En aquel lugar existía un pequeño puente. Lo lógico es que las tropas españolas se hubieran atrincherado a un lado del río, con el puente de frente, esperando la embestida de los franceses.
Evidentemente, lo más normal es que hubiera habido muchos muertos, pero también es verdad que hubieran soportado mejor el ataque francés y no hubieran sufrido tantas bajas.
Por el contrario, parece ser que el general Cuesta, dio la orden de atravesar el puente y recibir el ataque francés, con el puente a sus espaldas, lo cual era un auténtico suicidio, porque ellos mismos se cortaban su retirada.
Por lo visto, en un principio, los franceses, se mosquearon mucho, pensando que habría gato encerrado y, seguramente, los españoles les tendrían preparada alguna emboscada.
No obstante, atacaron las posiciones españolas y, como es de suponer, provocaron una gran masacre, porque, a la primera carga, muchos españoles huyeron horrorizados ante la veterana Caballería francesa.
Parece ser que, tras esta derrota, José I y sus partidarios pensaron que podrían atraerlo a su bando y llegaron a ofrecerle el cargo de virrey en Nueva España (actualmente, México), pero él lo rechazó.
De hecho, redactó una proclama, donde, en uno de sus párrafos se advertía: “El objeto de Napoleón es hacernos esclavos de la Francia, llevarnos a países remotos a servir a sus caprichos y sacarnos todas nuestras riquezas”. Más adelante, puede leerse: “¿Qué dirán las demás naciones al vernos abatidos y reducidos a una mísera colonia de esclavos?”
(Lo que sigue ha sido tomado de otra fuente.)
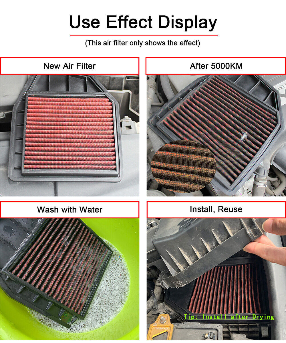 • PREMIUM DURABILITY & REUSABILITY: Constructed from high-quality, long-lasting materials, this engine air filter is designed for ultimate durability. It’s fully washable and reusable, providing excellent filtration while saving you money on replacements and reducing waste over time.

Posteriormente, se retiró con las fuerzas que le quedaban hacia la zona de Benavente. Allí contactó con las fuerzas de Galicia, mandadas por el general español Joaquín Blake, más algunas
tropas de voluntarios castellanos y asturianos.
Parece ser que decidieron recuperar Valladolid, que había sido ocupado por los franceses. Por lo visto, no se coordinaron nada bien. Sin embargo, el general francés Bessieres, el mismo que ya le había derrotado en Cabezón del Pisuerga, sí que estaba al corriente de los movimientos de sus oponentes.
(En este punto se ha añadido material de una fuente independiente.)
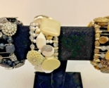 This 3-piece vintage button bracelet is handmade in the United States and features various golden tone buttons strung on an elastic band with safety pins for secure wear. The bracelet has a charm type of buttons and a style of a button bracelet, making it a unique and stylish accessory for any occasion. The combination of silk and buttons as the main material adds a touch of elegance to the design, and the 7-9 inch length ensures a comfortable fit. This handmade bracelet is a classic piece of jewelry that brings a vintage flair to any outfit.

Así que aprovechó que marchaban como dos ejércitos totalmente separados, para así machacar primero a uno y luego al otro. Los combates tuvieron lugar en la localidad vallisoletana de Medina de Rioseco.
Lógicamente, los franceses, volvieron a cometer otra masacre entre las tropas españolas. Incluso, contraviniendo las normas de guerra, vigentes en ese momento, fusilaron a todos los combatientes españoles que habían capturado en la batalla.
Hay quien dice que Cuesta y Blake no se coordinaron, porque este último había recibido instrucciones de la Junta del Reino de Galicia para que no lo hiciera, ya que desconfiaban de la lealtad de Cuesta.
Esto también se explica, porque, al no existir, en principio, un mando único, las Juntas de cada zona rivalizaban entre sí y procuraban no colaborar entre ellas.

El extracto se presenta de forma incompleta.